# Upgrade Help.



## Country (Jul 20, 2010)

I picked up a 2011 RZR4 Robby Gordon Offroad Edition this past week. Brand new off the showroom. I have been a brute guy for years but wanted something with a little more room. I dont want to get crazy but i am looking for a few upgrades. Any ideas let me hear them.:usa:


----------



## Polaris425 (Dec 16, 2004)

ooooo Lift, Clutch, Tires, Winch! :rockn:


----------



## Country (Jul 20, 2010)

Tires are a must. Probly gonna go with 28x12 Zillas. I have to figure out how to put a winch on it. The front is all rad. Not a lot of room. Any idea how hard it is to mess with the clutch on these things?


----------



## Country (Jul 20, 2010)

Few pics of the new rides. My dad grabed him a ranger when i got mine.


----------



## Polaris425 (Dec 16, 2004)

no clue really, but I do know the popo's are a much bigger pain the the butt than the brutes. You pretty much have to do a whole kit in them, cant just do springs... 

QSC (Quad Shop Customs) is what I keep hearing people say is the best bet for popo clutching.


----------



## Country (Jul 20, 2010)

Thanks for the info.
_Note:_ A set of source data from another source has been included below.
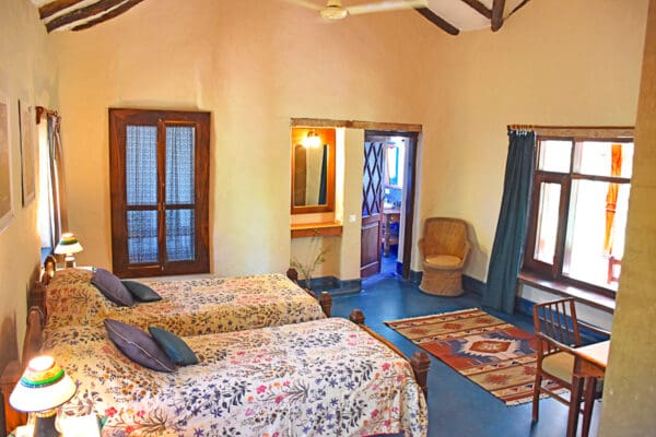 Designed by Eugene Pandala, an Indian architect known for earthy and ecologically sustainable designs, the cottage walls are made from mud and the roofs are thatched with dry grass. This offers the best natural insulation from the extreme outside temperatures. The interiors are earthy yet luxurious, a fantastic blend for travellers to experience a rural Indian household setting in the lap of luxury.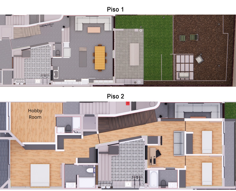 Una de las características más destacadas de nuestro proyecto es la incorporación de dos hobby rooms asignables con entrada independiente en el segundo nivel, con una superficie de 17,3 m², que brindan un espacio adicional para el desarrollo de actividades personales o profesionales.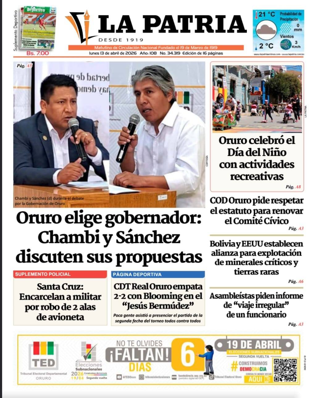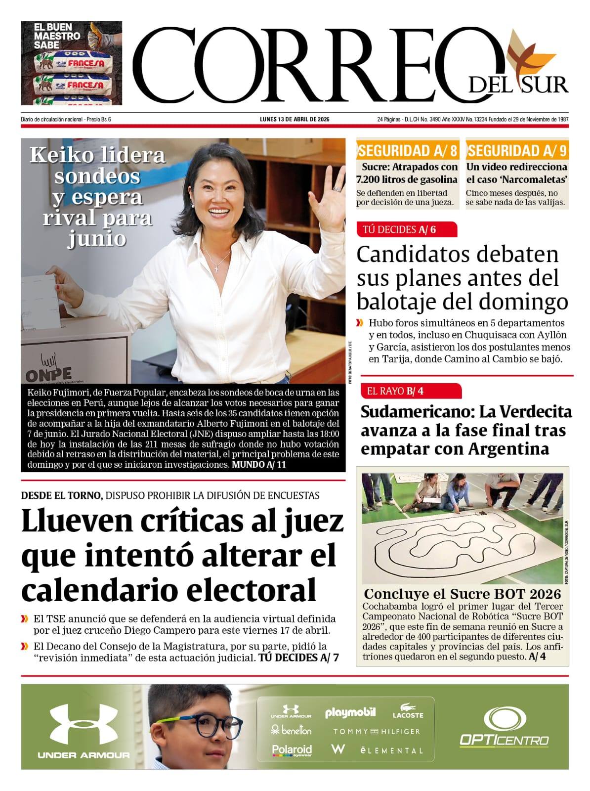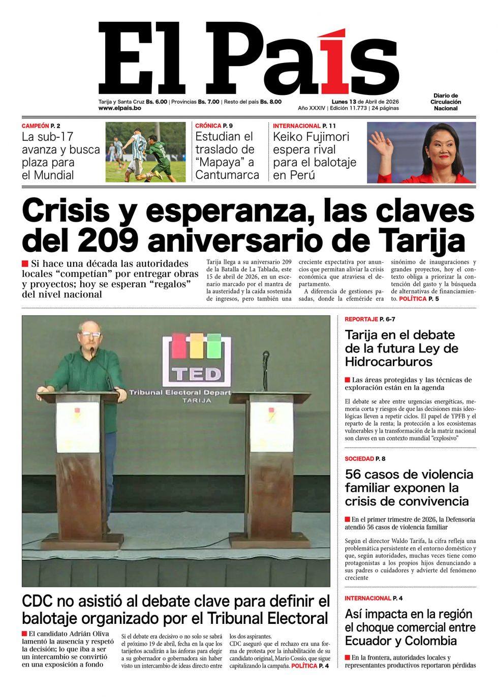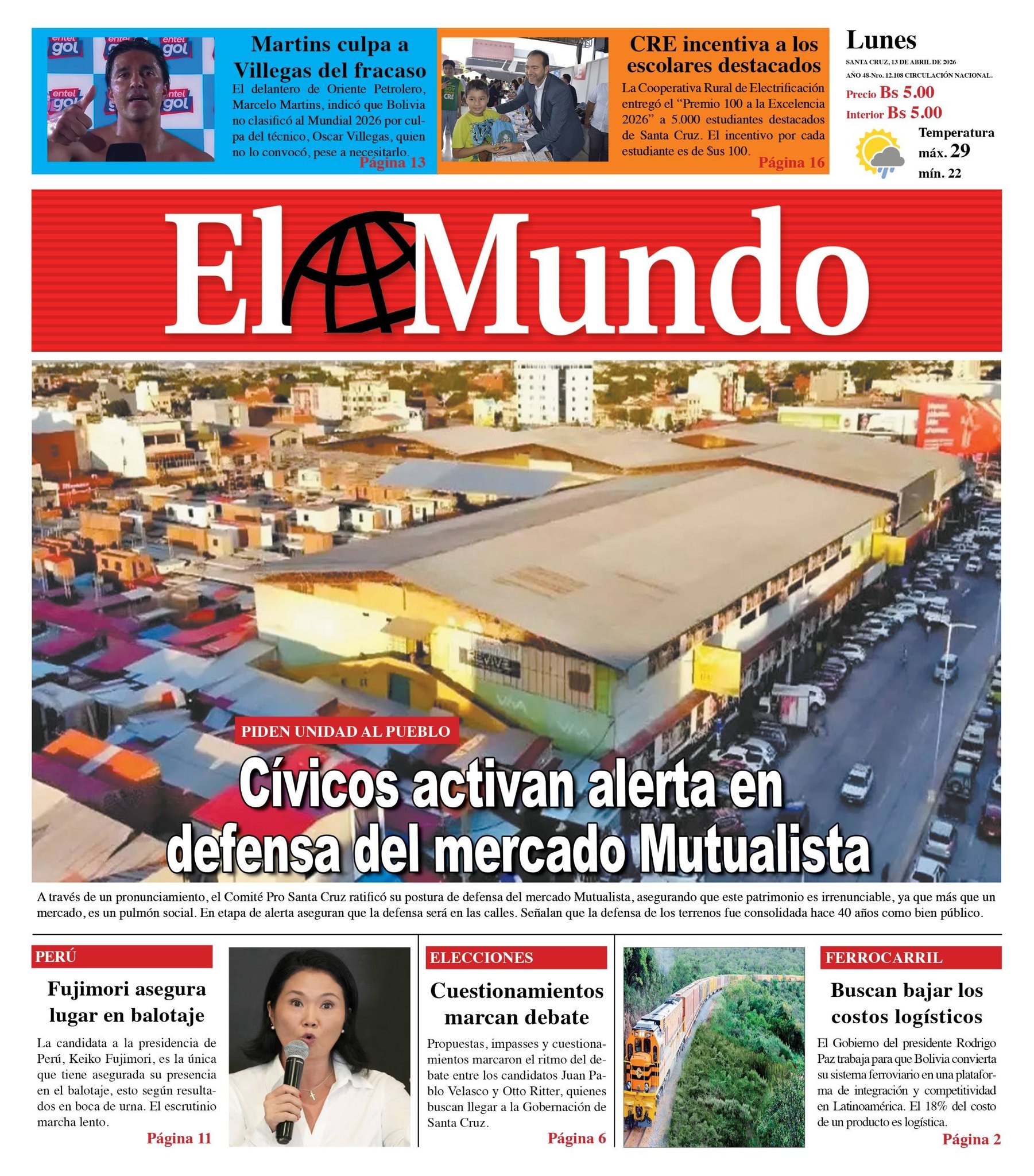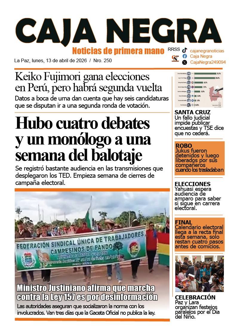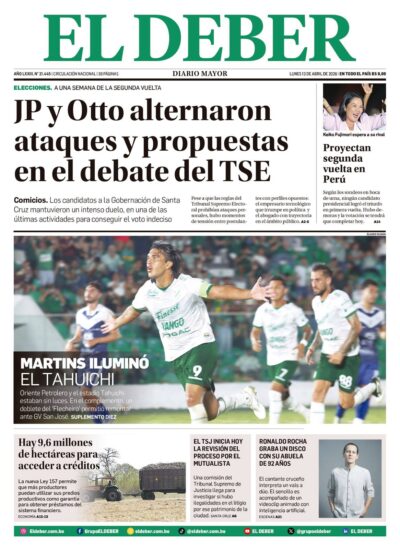 Fuente: El Deber, El Día, Zona Norte, La Palabra, La Razón, La Prensa, El Diario, La Estrella del Oriente, El Mundo, La Voz, Contraparte, Andaluz, El Potosí, Correo del Sur, El País, El Periódico, El Diario, Amitel Pres, Opinión, Caja Negra, Novavox, La Patria.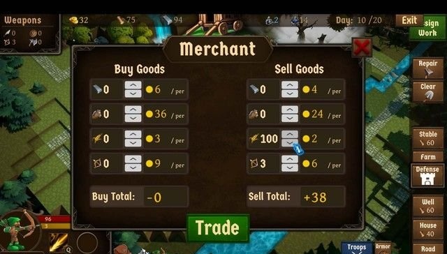 会有商人随机地进入村庄,和你进行交易,交易可以说是最主要的金币来源,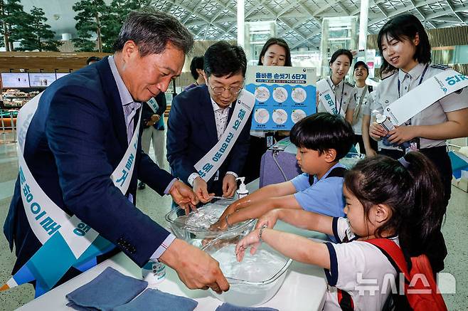 [서울=뉴시스] 김선웅 기자 = 이학재(왼쪽) 인천국제공항공사 사장과 윤현덕(왼쪽 두 번째) 국립인천공항검역소 소장이 26일 인천국제공항 제2여객터미널 출국장에서 열린 '여름 휴가철 맞이 안전여행 캠페인'에서 여행객들에게 올바른 손 씻기를 알리고 있다. (공동취재) 2025.06.26. photo@newsis.com
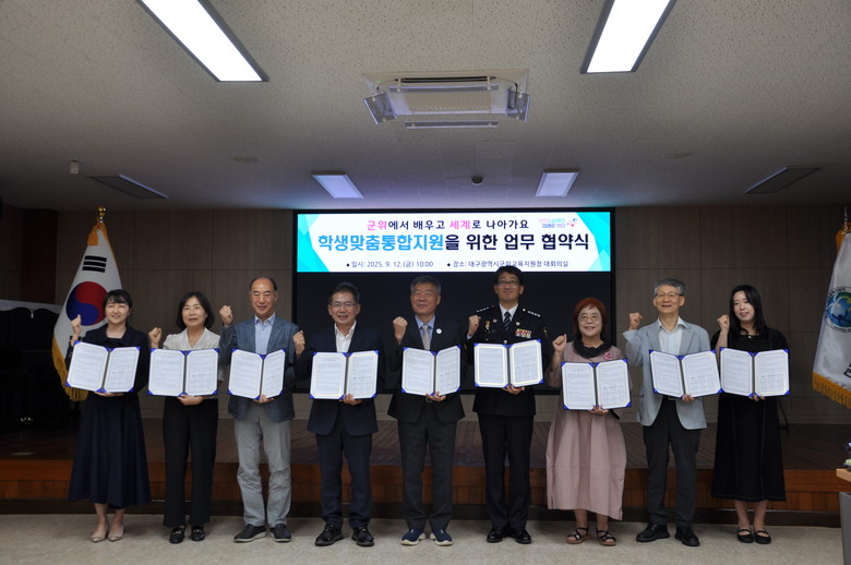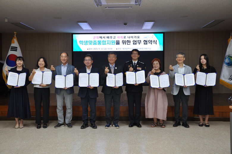 [대구 세계타임즈=한윤석 기자] 대구군위교육지원청(교육장 김두열)은 9월 12일(금) 군위교육지원청 대회의실에서 지역 9개 기관과 ‘학생맞춤통합지원 업무협약’을 체결했다.

I will take a look at them. I did order a lock and ride roof and windshield. The seats get friggen hot. As i get upgrdes ill post them.


----------



## Polaris425 (Dec 16, 2004)

sweet. where exatly is butterbean? and.. Roll Tide?


----------



## Country (Jul 20, 2010)

ROLL TIDE!!!!!! Its in the middle of nowhere. West of Florala and about 5 miles north of the florida line.


----------



## Polaris425 (Dec 16, 2004)

AH... Down south. Cool. Thought if you were close to T-Town I'd come help ya snorkel that thing! haha...


----------



## Country (Jul 20, 2010)

I come through there alot goin to Gatlinburge. Good friend of mine just grad from up there. Are there any plans on here for a snork?


----------



## Polaris425 (Dec 16, 2004)

not for the RZR. There are some for the ranger though. But you could be the first :bigok:


----------



## Country (Jul 20, 2010)

Well ill take a look. Give me a few weeks and then ill tackle it. Take plenty of pictures.


----------